I was a huge BeOS fan back in the day, and bought the Intel version when I had a Pentium ][ computer. I was so excited for OpenBeOS (now Haiku) after BeOS got acquired, but it's been something 17 years, and it looks they're still just a release candidate for 1.0.
Back then, BeOS did some amazing stuff compared to Windows, but technology has come a long way since then, and I'd rather be using MacOS, Windows or a Linux Desktop like Ubuntu than Haiku.
The one thing that makes Haiku intriguing and promising in my eyes is the fact that its developers want it to be a first class desktop/laptop OS above all else with no server/mobile/other kitchen-sink-isms muddying the water. There’s nothing like that out there today, save for maybe macOS (which is more desktop focused but still suffers from the various multipurpose compromises brought from its *NIX heritage).
I'm not convinced that at present this is a meaningful benefit especially compared to the increased resources available for say linux. The one good example that I can think of cpu schedulers seems to be solved by running a kernel with alternative patches.
Haiku doesn’t have to worry about this problem at all. It can simply implement the most effective and good-experience-conducive end to end design possible for its window management and compositing since it’ll never ever be a headless server.
In today's terms, that sounds a lot like an iPad (with an attached keyboard) or a Chromebook.
Haiku runs circles around Ubuntu MATE on these devices; it may seem equivalent on benchmarks, but the UI just _feels_ much zippier and apps load quickly.
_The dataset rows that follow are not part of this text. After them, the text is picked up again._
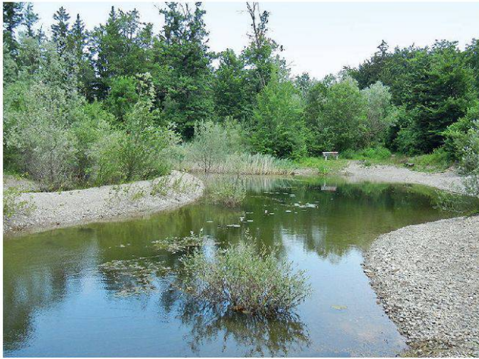
Abbildung 3: Renaturierter Arm der Alten Aare.

fischer Pflanzenmenge kann auch die Grösse des Gesamtbestandes an Wasserpflanzen geschätzt werden.
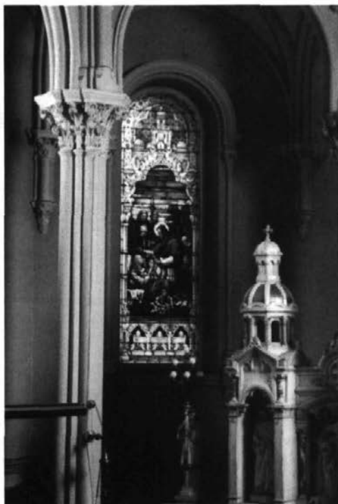
Un des vitraux de l'église Saint-Charles de Limoilou représentant l'assistance des capucins de Milan aux œuvres charitables de saint Charles Borromée en 1575-1576.
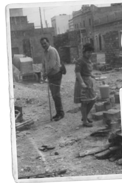
Els veïns van construir els habitatges en poc temps.
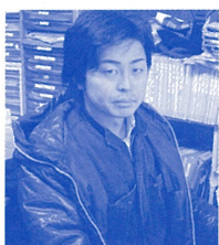
事務局 山ノ井道夫 ㈱ヤマノイ
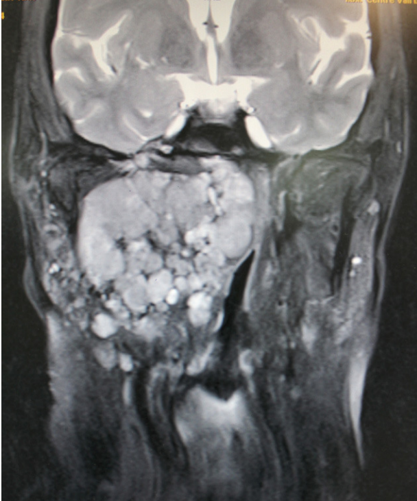
Figura 2 – RM preoperatoria (corte coronal).

obliteración de la vena yugular interna. En su sector anterior también desplaza la luz lingual. La tumoración presenta un tamaño aproximadamente 6,5 cm * 6,8 cm * 4 cm en sus ejes transversal, cráneo-caudal y antero-posterior respectivamente y presenta una señal marcadamente heterogénea. Se observan múltiples ganglios linfáticos laterocervicales bilaterales que no reúnen criterios radiológicos de malignidad.
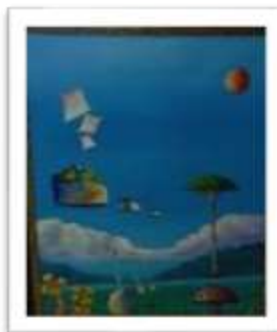
OBR-000214 AUTOR: LEO GUTIERREZ RD$10,000.00
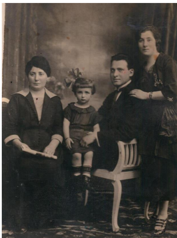
Слева бабушка Берты. Справа отец и мать.
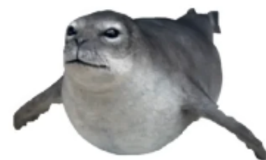
Что-то на тьюторском
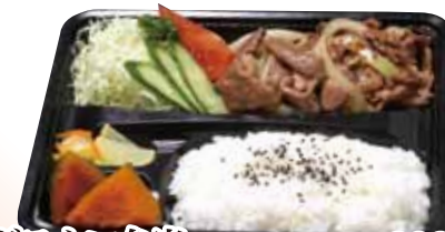
11 ジンギスカン弁当 890円
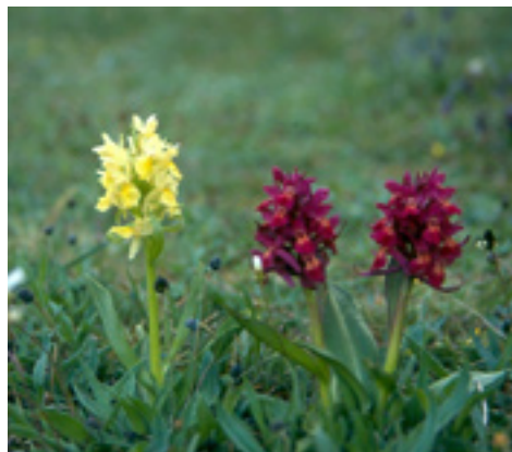
Adam och Eva.

På Vickleby alvar kan du uppleva Ölands orkidéprakt i maj. Några kilometer ut på Vickleby alvar finns den märkliga Resmazonen, en kraftigt vattenförande sprickzon som mynnar i Resmo källa, idag hela Mörbylångas vattentäkt.
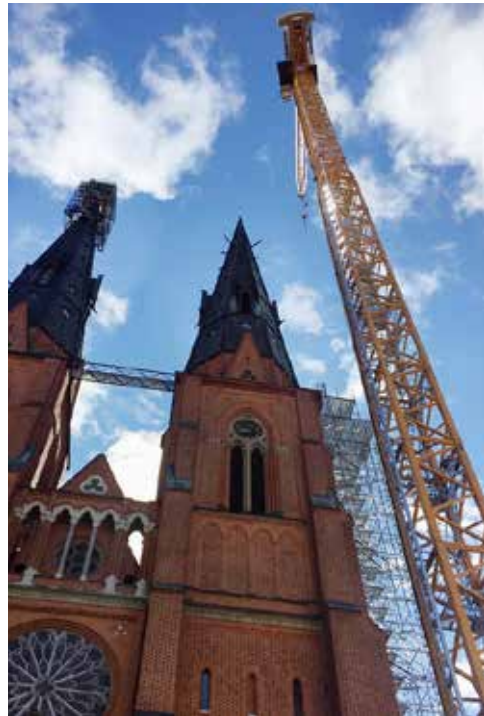
Lyftkranen som användes för att kunna restaurera domkyrkans tornkrön.

Vid de arkeologiska undersökningarna hittades också spår efter den byggnadsverksverksamhet som pågått på Domkyrkoplan åtminstone från och med att domkyrkan började uppföras på 1270-talet. En medeltida stenhuggarverkstad har

Doubtful. After seeing a few Haiku posts over the past few days I downloaded it and gave it a try. There's a lot of promise, but it's pretty darn glitchy (e.g. DHCP client works occasionally, mail client sees mailboxes but doesn't fetch messages).
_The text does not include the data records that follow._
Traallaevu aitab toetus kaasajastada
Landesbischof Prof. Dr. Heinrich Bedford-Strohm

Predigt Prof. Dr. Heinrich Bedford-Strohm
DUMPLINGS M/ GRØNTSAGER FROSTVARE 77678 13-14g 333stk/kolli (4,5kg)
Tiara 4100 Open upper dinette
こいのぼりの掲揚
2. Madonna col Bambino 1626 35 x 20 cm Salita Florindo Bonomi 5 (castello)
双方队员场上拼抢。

I'm in the opposite camp though. I'd love to find a viable alternative to macOS.
I've finally found a consistent way to reproduce the DHCP glitches, so I might be able to spend some time debugging that. The mail client is another issue; for now you're probably better off avoiding it. (There are third-party mail apps in the depot, so maybe try one of those?)
Glad to hear you can see the potential, though! :)
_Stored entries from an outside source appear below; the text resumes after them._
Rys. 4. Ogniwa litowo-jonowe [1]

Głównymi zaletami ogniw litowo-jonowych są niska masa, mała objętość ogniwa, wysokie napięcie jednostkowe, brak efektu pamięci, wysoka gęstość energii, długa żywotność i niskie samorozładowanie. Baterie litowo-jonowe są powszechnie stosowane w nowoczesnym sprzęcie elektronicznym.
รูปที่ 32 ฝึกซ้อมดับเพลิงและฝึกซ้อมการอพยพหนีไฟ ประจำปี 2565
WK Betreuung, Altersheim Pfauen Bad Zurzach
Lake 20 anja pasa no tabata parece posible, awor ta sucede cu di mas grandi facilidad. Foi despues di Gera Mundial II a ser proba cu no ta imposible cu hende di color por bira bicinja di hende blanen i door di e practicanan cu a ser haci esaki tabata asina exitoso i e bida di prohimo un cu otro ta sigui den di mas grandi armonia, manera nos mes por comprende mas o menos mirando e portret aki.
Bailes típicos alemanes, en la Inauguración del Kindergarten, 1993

TuneTracker (http://www.tunetrackersystems.com/index.html) ships commercial radio broadcasting systems that run on Haiku.
What chipset is that? I just merged new drivers for the Intel PRO wireless chipsets and Intel "Dual Band" chipsets; so if it's one of those it might work out of the box now.
> a modern web browser
Well, WebPositive can play YouTube and mostly works on major sites ... but yes, this is a difficult problem.
Rust and Servo are already good for massive multithreading, so that should fit into the Haiku expectations pretty well.